Yeh, with the fish you have mentioned, a diet of prepared flake and pelleted foods would be good. Definitelt include some meaty foods though, lik f/t daphnia, brine shrimp (<<DEF), blood worm, mosquito larvae, krill... things like that. I dont think the species you have chosen need any veggy food, but if you swap those clarkii's for a tang or something (which I would : victory: ) then also some spirinula, spinach, lettuce, cucumber... stuff like that. 



snakelover said:


> Also i would buy 5kg live rock and soft corals. such as:
> Devils Finger Leather Coral
> Anemones:
> Clownfish Anemone
> ...


Sounds good. Stock slowly, and keep an eye on the nitrate and phosphate (obviously nitrite and ammonia should be 0!). Too-high levels of these are no good for the corals. What lighting are you using? Metal halides will give you the best lighting, if you can afford it, if not T5's. 
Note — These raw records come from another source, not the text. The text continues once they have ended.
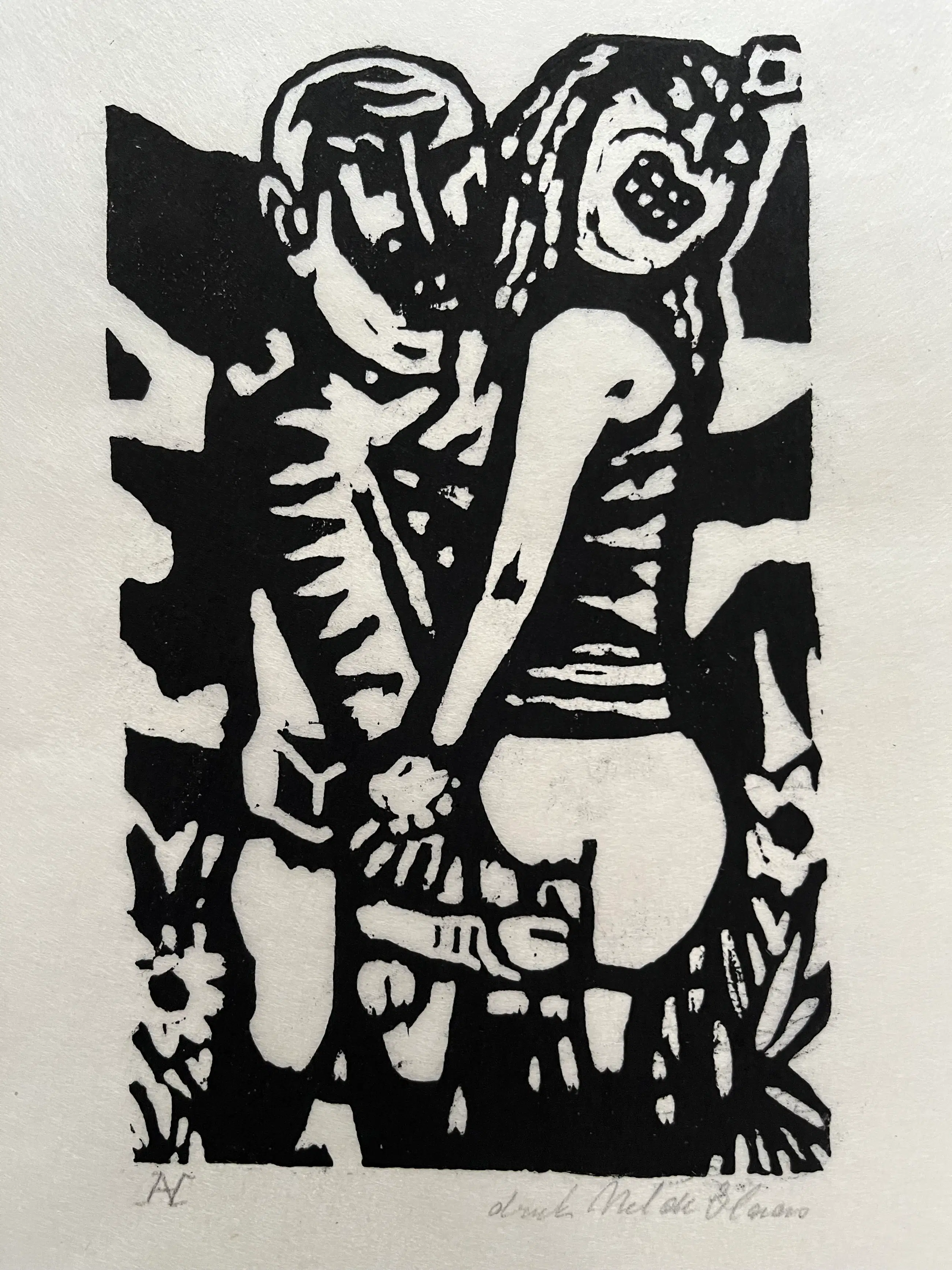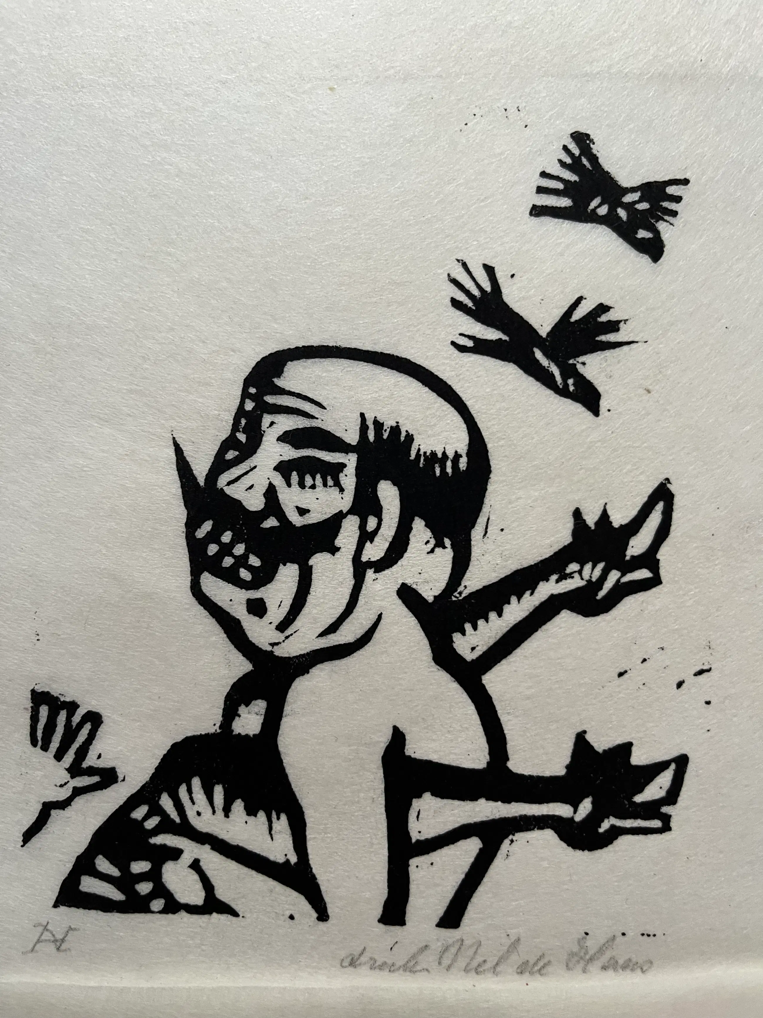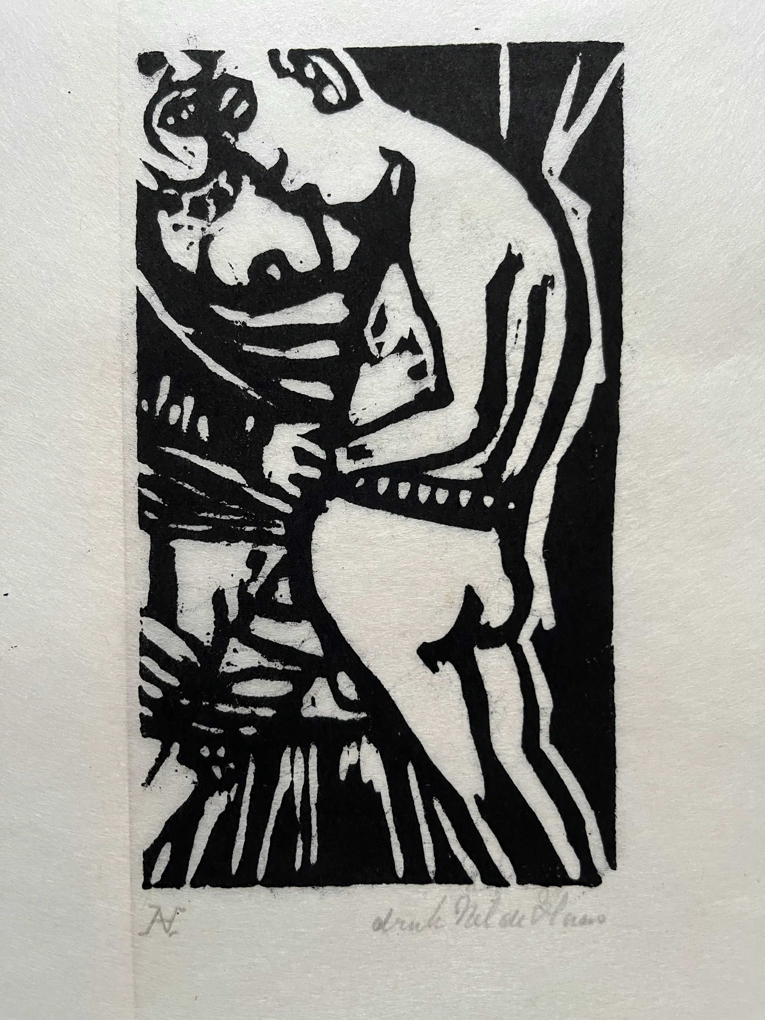 Elf linodrukken, gedrukt door Nel de Haas op dun Japans papier. Linodrukken zijn van verschillende afmetingen en zitten los van elkaar. Grootste blad 30 x 35 cm. Beeld 20 x 25 cm. Kleinste blad 11,5 x 15 cm. Beeld 7,5 x 8 cm.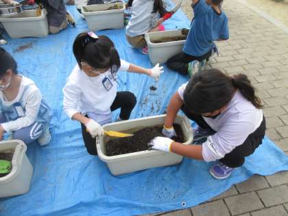 九条中、九条弘道小学校、九条塔南小学校の三校で進めている「通学路に花を飾る」プロジェクト。先週、2年生と3組の子どもたちでプランターに花を植えました。一生懸命、土づくりや水やりを行っていました。植えた花は、それぞれの校区に飾られます。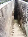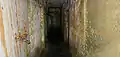 The floor was originally covered in a bituminous substance, the walls were tiled with ceramic tiles not unlike those seen on the wall pictured, and the tunnel ceiling leading to the room was lined with cork. The purpose of these measures was to reduce the possibility of sparks and the potential for a powder explosion. The zigzag tunnel at the far end of the room was designed to act as a blast wall to contain any blast within the immediate area.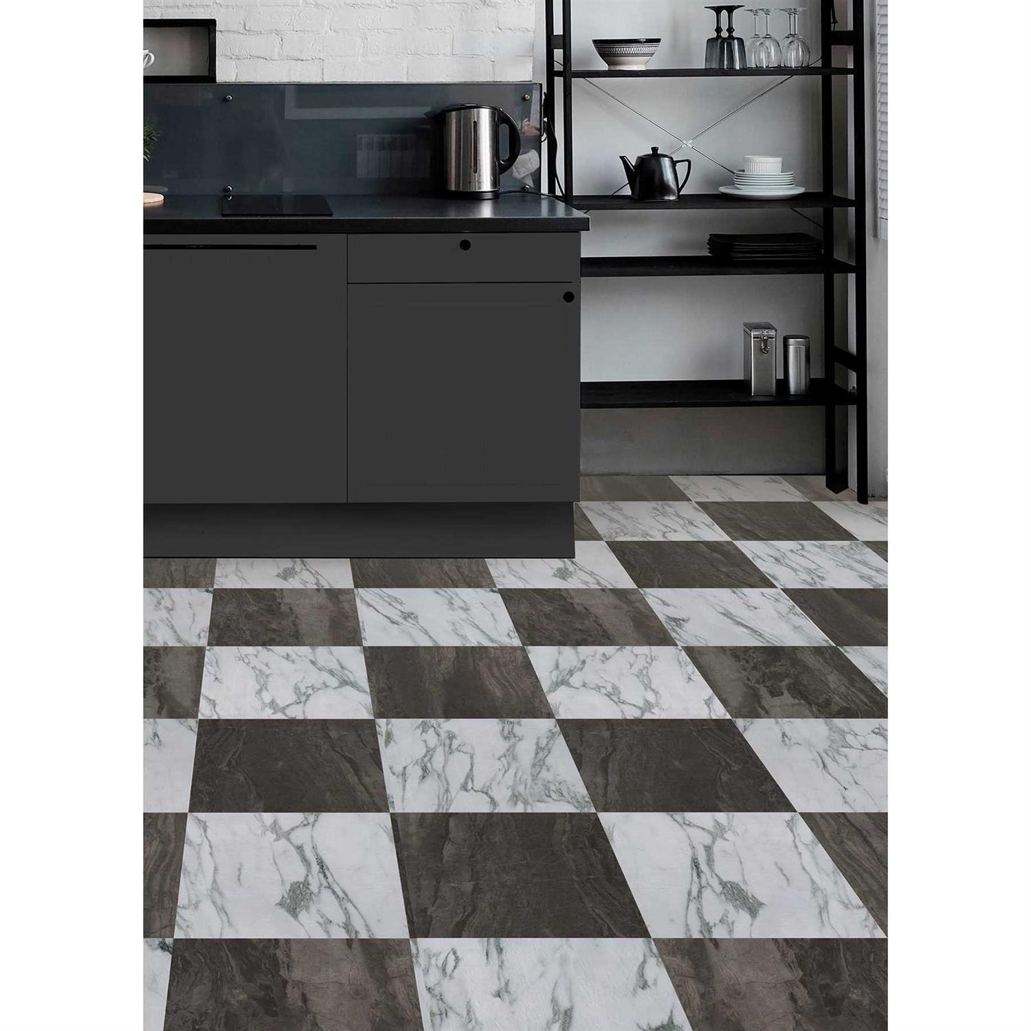 - Black and white marble peel and stick floor tiles create the perfect checkerboard opportunity.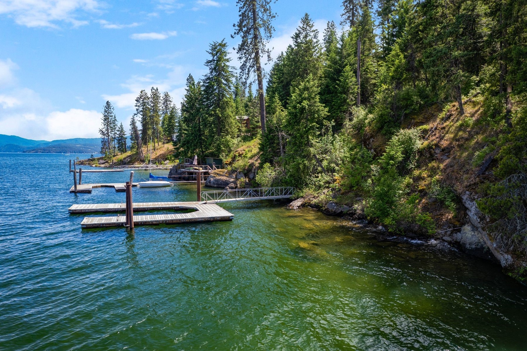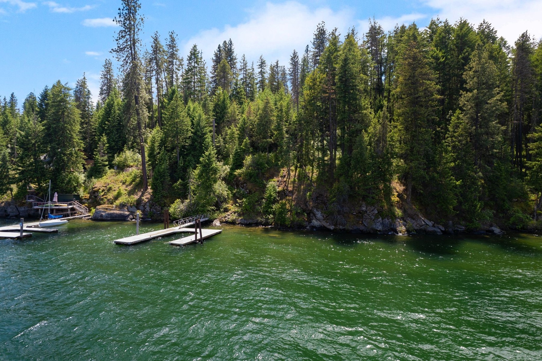 Iconic Waterfront Estate Parcel on Lake Coeur d'Alene | Boat-Access Exclusivity An extraordinary opportunity to claim a legacy position on the coveted main body of Lake Coeur d'Alene, where timeless beauty meets effortless access. Just a scenic five-minute boat ride from the vibrant energy of Downtown Coeur d'Alene, this rare offering places you within easy reach of premier marinas, acclaimed waterfront dining, and year-round amenities, while preserving the privacy of a true retreat. Tucked within the storied shores of Casco Bay, an enclave known for its historic estates and enduring appeal, the property offers 126 feet of pristine frontage along sparkling waters. A substantial 600+ square foot dock invites immediate enjoyment. With a utility easement already in place, the groundwork is set for a seamless transition to your future vision. From this vantage point, take in sweeping, unobstructed views across the lake's most celebrated scenes, including a front-row perspective of the region's cherished summer traditions and fireworks displays. Accessible only by boat, this property offers a rare blend of seclusion and connection with an address that feels both private and effortlessly linked to the best of the lake. Enjoy it today as your personal waterfront escape, or design and build a legacy home that will define generations to come. A setting this iconic, with this proximity, is seldom available. Take advantage of this enduring canvas on one of the West's most treasured lakes.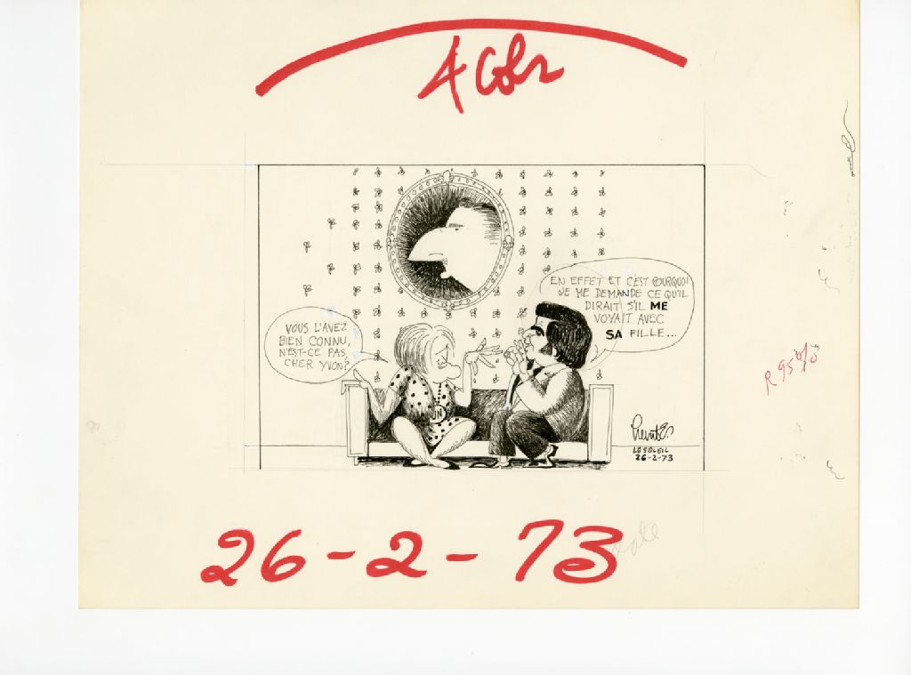 "Vous l'avez bien connu, n'est-ce pas, cher Yvon?" "En effet et c'est pourquoi je me demande ce qu'il dirait s'il me voyait avec sa fille...", 26 février 1973, Archives nationales à Québec, Fonds Raoul Hunter, (03Q,P716,S1,P73-02-26), Raoul Hunter.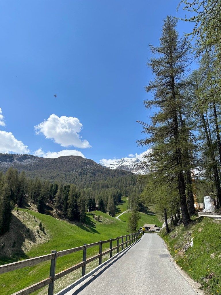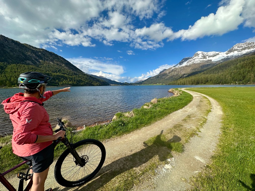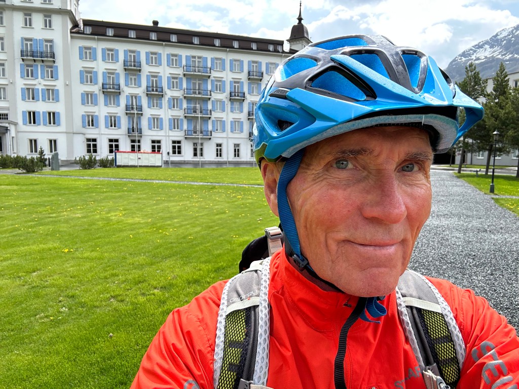 På själva ”högtidsdagen” siktade vi in oss på en cykeltur. Bort till Pontresina via St Moritz. Kanska upp i Val Roseg. Förresten, cyklar var lite knepiga att få tag på då det var försäsong. Men en sportaffär just från Pontresina nappade och körde två bra mountainbikes till hotellet. Vi har faktiskt hyrt cyklar av dom för ca 12-15 år sedan. En vänlig dam på turistbyrån i Sils hjälpte oss. Här har man turistbyrå öppen hela dagarna, även under lågsäsong, på en så liten ort. Jag tror inte dom har varit i närheten av idén att stänga turistbyrån och överlämna det hela till nätet. Åter till cykelturen. Vi börjar med några startbilder.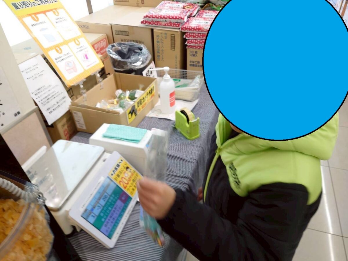 値札を張れたらお会計!「お願いします…!」と少し緊張した様子で店員さんに商品を差し出し…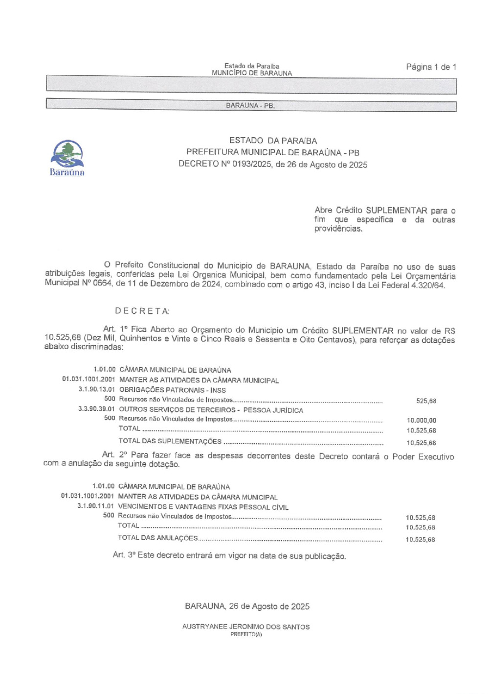 DECRETO N° 0193/2025 ABRE CREDITO SUPLEMENTAR. - 16 DE JANEIRO DE 2026.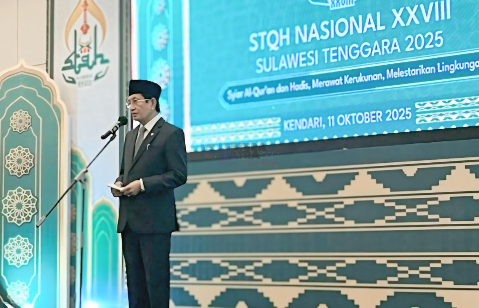 KENDARI, LENTERASULTRA.COM-Gagasan untuk menyatukan dua ajang besar syiar Islam, Musabaqah Tilawatil Qur’an (MTQ) dan Seleksi Tilawatil Qur’an dan Hadis (STQH), menemukan momentumnya. Menteri Agama RI, Nasaruddin Umar memberi signal dukungan terhadap ide tersebut. Alasannya, kedua ajang tersebut memiliki energi dan tujuan yang sama: memperkuat syiar Al-Qur’an.

I would be careful with the anemones... they have a tendancy to die.. and the clowns def _dont _need one. They will almost certainly have never seen one in their whole life... so dont worry. 

Hope that helps anyways!



alpharoyals said:


> its just tipped the thousand pound mark and I have no livestock yet.


I had a 180 litre... and it topped the £1500 mark in the end :blush:


----------



## snakelover (Dec 17, 2006)

100 gal tank, what measuremnets is theat aprrox?

Thanks

May just get 1 pair or trio of clowns.


----------



## alpharoyals (Nov 21, 2007)

snakelover said:


> May just get 1 pair or trio of clowns.


sorry 1 pair max! they will just fight off the third once a pair is formed.


----------



## snakelover (Dec 17, 2006)

My local shop has 3...aprox dimensions of a 100gal.


----------



## AshMashMash (Oct 28, 2007)

snakelover said:


> My local shop has 3...aprox dimensions of a 100gal.


No, alpharoyals is right. Maybe short term... before they have paired off, but not long term. 

The clowns start off life as all males. As they mature, the largest in the group becomes a female. The second largest pairs of with her, as a male/female pair. This continues until one pair is left. Or, just as they split. So with 3, the larger two will pair off (the bigger = female) in the end, and bully the smaller male. 

Anyyyyywayyy...

Dimensions: a 5*2*1.5 ft tank would be nearly 100 gallons... (150 * 60 * 50 cm is).


----------



## snakelover (Dec 17, 2006)

maybe not that big en!!

What size tank would 1 pair of clowns need?

Thanks

sorry i now so little, and thanks for bieng...patience? and not getting annoyed.

Dan


----------



## maybrick (May 20, 2005)

Marine keeping is a great hobby, and i don't think its particluarly difficult.



But it is demanding. Do loads and loads of reading. There is so much to consider just one thread will never cover it.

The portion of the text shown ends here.